Qual è il grado di complessità di questo compito? «La sfida è pensare locale ma agire globale. Detto in una parola, ‘glocal’, termine che le grandi aziende multinazionali usano spesso. È importante riuscire a comunicare il messaggio dei brand nostri partner su tutti i nostri titoli e nei vari Paesi. Tutto ciò rispettando il tono di voce e le sfumature culturali del mercato, ma anche raggiungendo l’obiettivo previsto dall’investimento. Ho sempre lavorato su progetti globali e dopo anni su Apple per cui gestivo la strategia media sia offline che digitale, il mio cambiamento è stato coerente».

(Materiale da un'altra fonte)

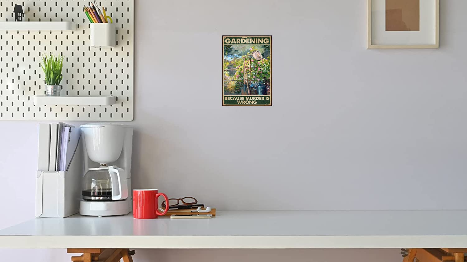 Dieses lustige Gartenschild ist ein echter Hingucker! Mit dem Spruch 'Gardening Because Murder Is Wrong' bringt es jeden zum Schmunzeln. Aus robustem Eisen, 30x20cm groß, mit vier vorgebohrten Löchern für einfache Montage. Die matte Oberfläche ist wetterfest und verblasst nicht - hält also auch draußen ewig! Perfekt für Garten, Terrasse, Zaun oder Hauswand. Ein super Geschenk für Gartenfreunde, Mütter oder Omas - zu Geburtstag, Weihnachten oder einfach so. Bringt rustikalen Charme in deinen Outdoor-Bereich! Einfach aufhängen und sich über Komplimente freuen. Damit wird dein Garten zum echten Eyecatcher!

Dall’Università Cattolica di Milano a Londra. Un percorso lineare o conquistato a fatica? «Una via di mezzo direi. Andare all’estero spesso significa trovarsi fuori dalla propria comfort zone, quindi niente è completamente lineare. Ho avuto la fortuna, durante il triennio in Cattolica, di fare un’esperienza negli Stati Uniti con l’Università della North Carolina, tramite il programma Isep. Oltre a perfezionare l’inglese, quest’opportunità ha aperto le mie vedute e conoscenze sul fronte del marketing internazionale. Da lì la spinta ad approfondire i miei studi e le mie esperienze lavorative a Londra».

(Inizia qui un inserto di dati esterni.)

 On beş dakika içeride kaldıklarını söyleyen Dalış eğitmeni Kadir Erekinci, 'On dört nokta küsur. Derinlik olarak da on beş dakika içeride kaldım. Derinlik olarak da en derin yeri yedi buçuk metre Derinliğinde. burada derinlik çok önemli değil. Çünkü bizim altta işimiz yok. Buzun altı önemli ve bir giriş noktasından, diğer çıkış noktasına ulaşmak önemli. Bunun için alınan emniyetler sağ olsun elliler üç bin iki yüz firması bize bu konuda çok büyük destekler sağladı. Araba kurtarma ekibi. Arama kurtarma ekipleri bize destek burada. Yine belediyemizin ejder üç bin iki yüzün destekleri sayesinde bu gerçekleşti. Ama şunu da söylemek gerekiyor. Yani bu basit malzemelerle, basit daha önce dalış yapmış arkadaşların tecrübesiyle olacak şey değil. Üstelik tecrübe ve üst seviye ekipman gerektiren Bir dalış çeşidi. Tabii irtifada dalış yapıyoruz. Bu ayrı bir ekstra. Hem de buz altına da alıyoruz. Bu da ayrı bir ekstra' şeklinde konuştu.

Avere uno sguardo internazionale sembra essere uno dei caratteri distintivi delle nuove professioni e ancor più nel settore dei contenuti e dell’intrattenimento, tra carta, digitale, moltiplicazione dei formati sempre più destinato a varcare i confini nazionali. Cosa consigliare a chi voglia operare nell’editoria? «Avere uno sguardo internazionale viene dall’esigenza di massimizzare i propri risultati. Nel campo del branded content tanti argomenti trattati o formati usati da un determinato Paese possono essere ripresi e riproposti a un pubblico di nazionalità diversa. Tutto sta nel conoscere le sfumature del proprio pubblico e riuscire a veicolare il messaggio ai propri lettori. La nostra fortuna è che nel mondo di oggi queste metriche sono altamente più accessibili grazie ai social e al digitale in generale. Per questo motivo, a mio avviso, dati e insight sono la base di questo settore per poter distribuire e vendere contenuti a livello internazionale con successo».